"Soon?" she asked.
"In two or three days. That is, if the Compania don't get the Spaniards to lay hands on me. By the way, you may as well know now that I had to get Mrs. Hatherly to lend me part, at least, of the necessary money."
Jacinta flushed visibly. "You will not be vindictive, though, of course, I have now and then been hard on you."
"I shouldn't venture to blame you. As we admitted, there are occasions on which one has to resort to drastic remedies."
Jacinta stopped him with a gesture. "Please – you won't," she said. "Of course, I deserve it, but you will try to forgive me. You can afford to – now."
She stood still a moment in the moonlight, an ethereal, white-clad figure, with a suggestion of uncertainly and apprehension in her face which very few people had ever seen there before, and then turned abruptly, with a little smile of relief, as Miss Gascoyne came towards them.
"He's going out, Muriel. You will thank him – I don't seem able to," she said.
Muriel came forward with outstretched hands, and in another moment Austin, to his visible embarrassment, felt her warm grasp.
"Oh," she said, "Mrs. Hatherly knew you meant to. I feel quite sure I can trust you to bring him back to me."
Austin managed to disengage his hands, and smiled a little, though it was Jacinta he looked at.
"I think," he said, "I have a sufficient inducement for doing what I can. Still, you will excuse me. There are one or two points I want to talk over with Captain Farquhar."
He turned away, and twenty minutes later Jacinta, standing on the bridge-deck, alone, watched his boat slide away into the blaze of moonlight that stretched suggestively towards Africa.
CHAPTER X
JACINTA IS NOT CONTENT
Darkness was closing down on the faintly shining sea, and the dull murmur of the surf grew louder as the trade-breeze died away, when Jacinta and Muriel Gascoyne sat in the stern of a white gig which two barefooted Canarios pulled across Las Palmas harbour on the evening on which Austin was to sail. In front of them the spray still tossed in filmy clouds about the head of the long, dusky mole, and the lonely Isleta hill cut black as ebony against a cold green transparency, while skeins of lights twinkled into brilliancy round the sweep of bay. Jacinta, however, saw nothing of this. She was watching the Estremedura's dark hull rise higher above the line of mole, and listening to one of the boatmen who accompanied the rhythmic splash of oars with a little melodious song. She long afterwards remembered its plaintive cadence and the words of it well.

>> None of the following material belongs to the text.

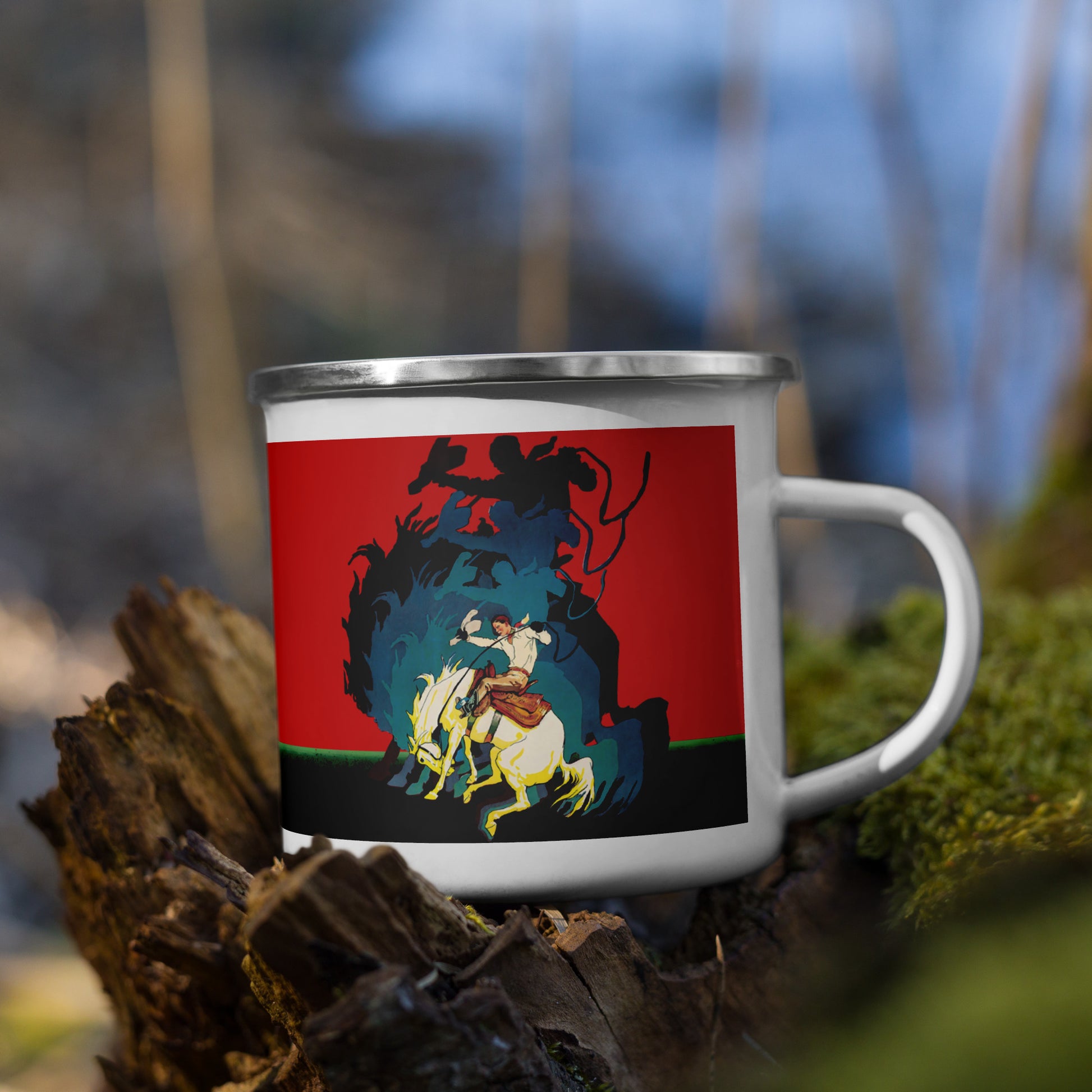 Made from lightweight, durable enamel, this mug is perfect for campfires, road trips, or everyday coffee at home. A great gift for rodeo fans, Western art lovers, and anyone drawn to classic Americana design.

"Las aves marinas vuelen encima la mar," he sang, and then while the measured thud and splash grew a trifle faster, "No pueden escapar las penas del amor."
He did not seem to know the rest of it, and when she had heard the stanza several times Jacinta, who saw Muriel's eyes fixed upon her enquiringly, made a little half-impatient gesture.

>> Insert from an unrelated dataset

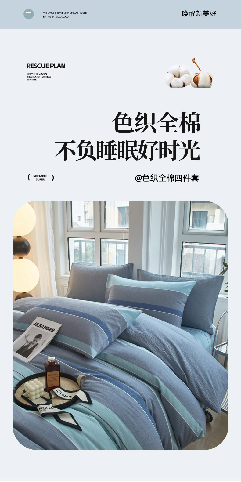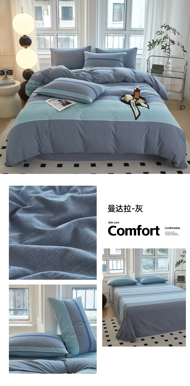 金纱玉纺家纺 2024新款色织全棉水洗棉四件套 曼达拉-灰

"It's the usual sentimental rubbish, though he sings passably well. 'Even the sea birds cannot escape the pains of love,'" she said. "Absurd, isn't it? like most of the men one comes across nowadays, they probably spend all their time in search of something to eat. Still, I suppose – you – would sympathise with the man whose perverted imagination led him to write that song."

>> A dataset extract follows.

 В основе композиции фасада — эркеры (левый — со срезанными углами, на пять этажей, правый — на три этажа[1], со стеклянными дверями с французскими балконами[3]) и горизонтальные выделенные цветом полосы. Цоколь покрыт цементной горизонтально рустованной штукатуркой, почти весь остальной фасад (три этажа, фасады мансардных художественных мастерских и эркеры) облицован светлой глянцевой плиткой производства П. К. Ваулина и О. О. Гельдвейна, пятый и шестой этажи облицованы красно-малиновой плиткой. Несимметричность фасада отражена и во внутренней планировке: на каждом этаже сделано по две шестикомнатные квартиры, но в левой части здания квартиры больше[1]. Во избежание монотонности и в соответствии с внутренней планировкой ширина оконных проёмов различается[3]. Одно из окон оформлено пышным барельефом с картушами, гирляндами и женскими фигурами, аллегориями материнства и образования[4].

Muriel looked at her with a hint of reproach in her big blue eyes, which were very reposeful. "I don't think I ever quite understood you, and I don't now, but I once went to see an English gullery," she said. "There were rows of nests packed so close that one could scarcely pick a way between, with little, half-feathered things in most of them. They all had their mouths open."
Jacinta laughed musically. "Of course," she said. "You are delightful. But never mind me. Go on a little further."
"It was the big gulls I was thinking of," said Muriel gravely. "They didn't fly away, but hung just above us in a great white cloud, wheeling, screaming, and now and then making little swoops at our heads. It didn't seem to matter what happened to them, but any one could see they were in an agony of terror lest we should tread upon some of the little, half-feathered nestlings. I came away as soon as the others would let me. It seemed a cruelty to frighten them."
"It seems to me," said Jacinta, "that you are anticipating, or confusing things considerably, but I'll try not to offend you by making that a little plainer, though, I should almost like to. I'm in quite a prickly humour to-night."
She sat silent a moment or two, while a trace of colour crept in her companion's face, looking out towards the eastern haze, as she had done of late somewhat frequently.
"Yes," she said, reflectively, "I feel that it would be a relief to make you upset and angry. You are so aggravatingly sure of everything, and serene. Of course, that is, perhaps, only natural, after all. You have, in one respect, got just what you wanted, and have sense enough to be content with it."
Muriel turned and looked at her with a trace of bewilderment, for there was an unusual hardness in Jacinta's tone.
"Wouldn't everybody be content in such a case?" she asked.
"Oh, dear no!" and Jacinta laughed. "I, for one, would begin to look for flaws in the thing, whatever it was, and wonder if it wouldn't be wiser to change it for something else. In fact, I don't mind telling you I feel like that to-night. You see, for a year at least, I have been trying to bring a certain thing about, and – now I have succeeded – I wish I hadn't. Of course, you won't understand me, and I don't mean you to; but you may as well remember that it's a somewhat perilous thing to keep on giving people good advice. Some day they will probably act upon it."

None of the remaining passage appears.